Wyoming’s workers’ compensation law is changing — raising some benefits for the first time in 20 years.
The changes include higher benefits for the survivors of workers killed on the job and a cost-of-living adjustment for people getting personal disability benefits. Also, workers will continue to get wage benefits during contested cases.
The changes came after more than two years of testimony and public complaints that the Wyoming system was designed to deter injured workers from seeking benefits. Many workers testified that Wyoming’s workers’ compensation program worked well for minor injuries and short-term recoveries, but was less helpful to those with serious, long-term cases.
“We fixed the worst of the problems when we fixed the death benefit. That was probably the most important piece,” said Sen. Charles Scott, R-Casper, who chairs the Labor, Health and Social Services Committee.
Cheyenne-based attorney George Santini said the changes are a step in the right direction, but said serious inequities still need to be addressed. For instance, the workload per case worker at Wyoming Workers’ Safety and Compensation Division still exceeds the national average, he said.
Lawmakers rejected other proposed reforms during the 2009 legislative session. A bill to extend benefits to sufferers of post-traumatic stress disorder failed, as did bills to extend employer immunity to co-workers. Another measure that failed would have clarified that operators are liable for their own negligence that injures or kills a third-party contractor.

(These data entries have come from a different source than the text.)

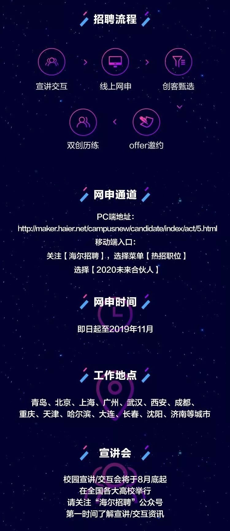海爾非常重視每一位求職者的體驗(yàn),因此我們建立了一套完善的招聘流程,讓求職者在整個(gè)應(yīng)聘過程中感受到海爾的專業(yè)和尊重。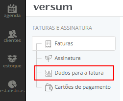 Clique em Dados para a fatura no menu do lado esquerdo: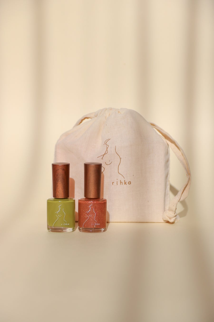 小粒のゴールドグリッター入りのくすみオレンジ「apple cider」とみずみずしくて明るい黄緑色を組み合わせた「mint tea」を組み合わせた、ホリデーシーズンにぴったりのネイルポリッシュ2点セットです。rihkaロゴをあしらったオリジナル巾着が付いてきます。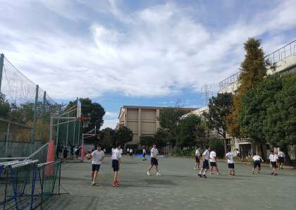 バスケットボールも2グループが仲良くゴールを共有しています。

Wyoming has the worst workplace fatality rate in the nation. A task force formed by the Legislature this year is looking into the problem.
Employers who pay into the state workers’ compensation fund are immune from lawsuits by employees, even in cases when the employer is proven to be grossly negligent. That means injured workers, in most cases, have only the state program to rely on for compensation for workplace injuries and lost ability to earn an income.